Try it
Copy the records below verbatim, from the first line through the line containing "在面试之前,不得不聊聊简历,简历是职场的", inclusive, and output nothing else.

Dataset items
'''
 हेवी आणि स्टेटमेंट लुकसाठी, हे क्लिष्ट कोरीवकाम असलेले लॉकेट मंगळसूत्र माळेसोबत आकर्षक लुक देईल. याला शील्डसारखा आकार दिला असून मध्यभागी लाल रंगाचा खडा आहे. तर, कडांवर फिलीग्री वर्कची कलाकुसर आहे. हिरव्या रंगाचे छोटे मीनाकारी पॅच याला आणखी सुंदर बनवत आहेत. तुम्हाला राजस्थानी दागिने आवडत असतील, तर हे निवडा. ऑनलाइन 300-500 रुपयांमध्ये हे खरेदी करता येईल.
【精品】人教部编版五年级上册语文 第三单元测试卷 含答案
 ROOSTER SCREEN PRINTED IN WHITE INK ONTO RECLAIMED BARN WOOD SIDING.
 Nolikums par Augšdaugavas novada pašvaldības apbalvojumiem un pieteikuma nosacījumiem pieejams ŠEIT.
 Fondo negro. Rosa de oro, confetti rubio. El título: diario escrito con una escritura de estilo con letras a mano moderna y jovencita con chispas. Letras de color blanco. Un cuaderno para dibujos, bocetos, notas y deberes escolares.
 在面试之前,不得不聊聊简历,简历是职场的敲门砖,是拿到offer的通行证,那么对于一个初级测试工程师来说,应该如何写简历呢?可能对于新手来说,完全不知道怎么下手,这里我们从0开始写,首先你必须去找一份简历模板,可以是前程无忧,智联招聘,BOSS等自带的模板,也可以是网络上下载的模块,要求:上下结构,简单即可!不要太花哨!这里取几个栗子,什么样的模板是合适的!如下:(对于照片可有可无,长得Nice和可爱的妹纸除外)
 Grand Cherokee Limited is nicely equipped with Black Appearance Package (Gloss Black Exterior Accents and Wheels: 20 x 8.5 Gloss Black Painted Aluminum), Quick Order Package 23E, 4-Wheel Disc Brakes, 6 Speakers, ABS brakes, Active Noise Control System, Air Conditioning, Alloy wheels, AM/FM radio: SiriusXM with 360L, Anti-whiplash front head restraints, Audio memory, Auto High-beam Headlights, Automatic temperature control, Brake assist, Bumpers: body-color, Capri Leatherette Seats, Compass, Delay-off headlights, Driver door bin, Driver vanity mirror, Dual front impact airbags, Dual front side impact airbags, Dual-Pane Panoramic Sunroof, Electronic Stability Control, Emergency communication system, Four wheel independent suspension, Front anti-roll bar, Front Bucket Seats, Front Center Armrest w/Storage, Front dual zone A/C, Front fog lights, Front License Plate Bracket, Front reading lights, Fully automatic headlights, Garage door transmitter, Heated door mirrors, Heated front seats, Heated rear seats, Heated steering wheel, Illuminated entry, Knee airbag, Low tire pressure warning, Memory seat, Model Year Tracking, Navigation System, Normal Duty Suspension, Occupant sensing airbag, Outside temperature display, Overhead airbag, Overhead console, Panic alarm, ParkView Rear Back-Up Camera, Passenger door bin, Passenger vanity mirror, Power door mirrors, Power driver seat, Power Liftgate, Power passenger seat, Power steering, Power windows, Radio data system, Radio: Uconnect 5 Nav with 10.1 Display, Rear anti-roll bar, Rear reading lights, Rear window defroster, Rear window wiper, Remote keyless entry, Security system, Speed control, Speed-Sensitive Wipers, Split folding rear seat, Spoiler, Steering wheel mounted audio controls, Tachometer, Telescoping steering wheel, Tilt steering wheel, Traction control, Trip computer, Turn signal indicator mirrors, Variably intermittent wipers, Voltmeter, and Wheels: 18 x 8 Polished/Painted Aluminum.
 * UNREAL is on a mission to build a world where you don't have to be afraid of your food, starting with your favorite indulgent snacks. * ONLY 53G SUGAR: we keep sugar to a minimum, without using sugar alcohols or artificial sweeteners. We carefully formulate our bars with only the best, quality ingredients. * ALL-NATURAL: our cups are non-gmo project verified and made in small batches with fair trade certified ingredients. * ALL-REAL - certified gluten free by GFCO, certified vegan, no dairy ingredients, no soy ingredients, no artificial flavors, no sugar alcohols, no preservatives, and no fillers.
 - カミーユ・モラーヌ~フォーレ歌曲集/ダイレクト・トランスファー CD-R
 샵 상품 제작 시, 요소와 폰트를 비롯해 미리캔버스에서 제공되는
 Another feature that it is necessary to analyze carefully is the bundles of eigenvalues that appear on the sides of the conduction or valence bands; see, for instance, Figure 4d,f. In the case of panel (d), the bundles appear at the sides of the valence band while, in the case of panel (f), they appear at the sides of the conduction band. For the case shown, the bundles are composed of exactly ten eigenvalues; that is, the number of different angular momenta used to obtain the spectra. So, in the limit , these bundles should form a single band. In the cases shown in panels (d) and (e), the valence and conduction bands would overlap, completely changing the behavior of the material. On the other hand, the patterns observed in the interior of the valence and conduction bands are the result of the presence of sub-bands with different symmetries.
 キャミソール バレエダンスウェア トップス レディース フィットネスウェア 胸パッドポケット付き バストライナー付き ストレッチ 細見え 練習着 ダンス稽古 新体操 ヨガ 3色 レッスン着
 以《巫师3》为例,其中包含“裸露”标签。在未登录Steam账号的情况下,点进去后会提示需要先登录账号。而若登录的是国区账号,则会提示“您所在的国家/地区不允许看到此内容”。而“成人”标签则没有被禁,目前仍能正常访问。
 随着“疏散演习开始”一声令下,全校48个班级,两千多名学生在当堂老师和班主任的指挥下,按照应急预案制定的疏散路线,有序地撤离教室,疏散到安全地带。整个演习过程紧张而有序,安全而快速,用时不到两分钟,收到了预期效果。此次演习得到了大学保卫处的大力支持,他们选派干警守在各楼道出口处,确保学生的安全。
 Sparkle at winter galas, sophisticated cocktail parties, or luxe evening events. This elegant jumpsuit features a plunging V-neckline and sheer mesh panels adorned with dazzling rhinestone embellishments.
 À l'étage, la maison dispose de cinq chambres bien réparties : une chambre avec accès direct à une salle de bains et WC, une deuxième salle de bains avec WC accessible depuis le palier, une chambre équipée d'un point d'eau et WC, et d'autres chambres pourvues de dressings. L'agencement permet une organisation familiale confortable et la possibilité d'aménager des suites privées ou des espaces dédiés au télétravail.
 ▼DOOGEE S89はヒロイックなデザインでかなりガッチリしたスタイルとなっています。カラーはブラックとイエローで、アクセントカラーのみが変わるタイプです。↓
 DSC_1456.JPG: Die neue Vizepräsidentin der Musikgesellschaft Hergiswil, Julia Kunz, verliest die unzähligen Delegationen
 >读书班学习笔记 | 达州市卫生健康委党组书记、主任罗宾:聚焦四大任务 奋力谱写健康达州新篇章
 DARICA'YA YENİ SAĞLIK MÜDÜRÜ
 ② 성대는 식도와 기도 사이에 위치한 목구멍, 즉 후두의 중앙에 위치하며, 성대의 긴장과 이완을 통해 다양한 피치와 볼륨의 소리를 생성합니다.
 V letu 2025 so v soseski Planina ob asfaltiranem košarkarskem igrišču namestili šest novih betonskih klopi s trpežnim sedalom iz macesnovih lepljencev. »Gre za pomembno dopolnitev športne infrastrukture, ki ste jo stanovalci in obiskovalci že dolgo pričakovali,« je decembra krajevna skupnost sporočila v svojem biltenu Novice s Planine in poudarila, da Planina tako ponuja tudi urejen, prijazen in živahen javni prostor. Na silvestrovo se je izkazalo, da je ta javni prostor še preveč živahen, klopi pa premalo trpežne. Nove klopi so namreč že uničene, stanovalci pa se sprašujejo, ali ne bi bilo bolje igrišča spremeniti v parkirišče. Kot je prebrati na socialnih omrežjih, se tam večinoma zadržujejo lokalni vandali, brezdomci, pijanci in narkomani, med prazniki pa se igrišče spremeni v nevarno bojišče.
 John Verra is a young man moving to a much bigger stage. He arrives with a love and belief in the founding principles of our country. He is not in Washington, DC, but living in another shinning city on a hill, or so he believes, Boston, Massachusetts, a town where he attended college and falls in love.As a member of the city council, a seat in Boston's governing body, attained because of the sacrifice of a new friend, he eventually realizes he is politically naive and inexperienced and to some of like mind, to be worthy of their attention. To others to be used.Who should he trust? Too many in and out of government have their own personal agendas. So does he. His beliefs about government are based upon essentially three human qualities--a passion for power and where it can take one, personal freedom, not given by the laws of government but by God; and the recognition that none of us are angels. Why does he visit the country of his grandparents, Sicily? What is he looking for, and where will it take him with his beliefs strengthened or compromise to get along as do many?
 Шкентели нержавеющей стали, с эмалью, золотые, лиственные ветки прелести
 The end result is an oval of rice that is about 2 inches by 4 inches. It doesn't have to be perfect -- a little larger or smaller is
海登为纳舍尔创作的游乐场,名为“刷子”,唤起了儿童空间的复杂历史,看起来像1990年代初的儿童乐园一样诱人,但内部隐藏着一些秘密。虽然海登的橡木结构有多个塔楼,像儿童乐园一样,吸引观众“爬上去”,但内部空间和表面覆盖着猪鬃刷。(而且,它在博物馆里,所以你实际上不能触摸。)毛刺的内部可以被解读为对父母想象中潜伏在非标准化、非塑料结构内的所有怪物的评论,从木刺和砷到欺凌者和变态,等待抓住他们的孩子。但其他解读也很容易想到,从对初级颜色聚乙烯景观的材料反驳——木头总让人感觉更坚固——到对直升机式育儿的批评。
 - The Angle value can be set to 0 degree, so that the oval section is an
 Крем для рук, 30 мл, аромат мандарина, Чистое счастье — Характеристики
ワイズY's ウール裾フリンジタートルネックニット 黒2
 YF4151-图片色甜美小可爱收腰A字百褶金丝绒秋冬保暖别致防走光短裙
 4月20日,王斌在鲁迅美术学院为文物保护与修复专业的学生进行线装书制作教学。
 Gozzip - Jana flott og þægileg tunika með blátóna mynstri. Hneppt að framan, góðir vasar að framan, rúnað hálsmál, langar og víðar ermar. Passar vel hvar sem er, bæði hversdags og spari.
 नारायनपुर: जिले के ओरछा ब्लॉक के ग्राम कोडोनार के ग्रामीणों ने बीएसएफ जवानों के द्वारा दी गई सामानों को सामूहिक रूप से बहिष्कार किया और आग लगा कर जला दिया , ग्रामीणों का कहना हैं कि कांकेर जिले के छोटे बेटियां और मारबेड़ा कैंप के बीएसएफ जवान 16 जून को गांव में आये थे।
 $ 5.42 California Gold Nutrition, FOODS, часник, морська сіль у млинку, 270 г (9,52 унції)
'''
Worked solution
 हेवी आणि स्टेटमेंट लुकसाठी, हे क्लिष्ट कोरीवकाम असलेले लॉकेट मंगळसूत्र माळेसोबत आकर्षक लुक देईल. याला शील्डसारखा आकार दिला असून मध्यभागी लाल रंगाचा खडा आहे. तर, कडांवर फिलीग्री वर्कची कलाकुसर आहे. हिरव्या रंगाचे छोटे मीनाकारी पॅच याला आणखी सुंदर बनवत आहेत. तुम्हाला राजस्थानी दागिने आवडत असतील, तर हे निवडा. ऑनलाइन 300-500 रुपयांमध्ये हे खरेदी करता येईल.
【精品】人教部编版五年级上册语文 第三单元测试卷 含答案
 ROOSTER SCREEN PRINTED IN WHITE INK ONTO RECLAIMED BARN WOOD SIDING.
 Nolikums par Augšdaugavas novada pašvaldības apbalvojumiem un pieteikuma nosacījumiem pieejams ŠEIT.
 Fondo negro. Rosa de oro, confetti rubio. El título: diario escrito con una escritura de estilo con letras a mano moderna y jovencita con chispas. Letras de color blanco. Un cuaderno para dibujos, bocetos, notas y deberes escolares.
 在面试之前,不得不聊聊简历,简历是职场的敲门砖,是拿到offer的通行证,那么对于一个初级测试工程师来说,应该如何写简历呢?可能对于新手来说,完全不知道怎么下手,这里我们从0开始写,首先你必须去找一份简历模板,可以是前程无忧,智联招聘,BOSS等自带的模板,也可以是网络上下载的模块,要求:上下结构,简单即可!不要太花哨!这里取几个栗子,什么样的模板是合适的!如下:(对于照片可有可无,长得Nice和可爱的妹纸除外)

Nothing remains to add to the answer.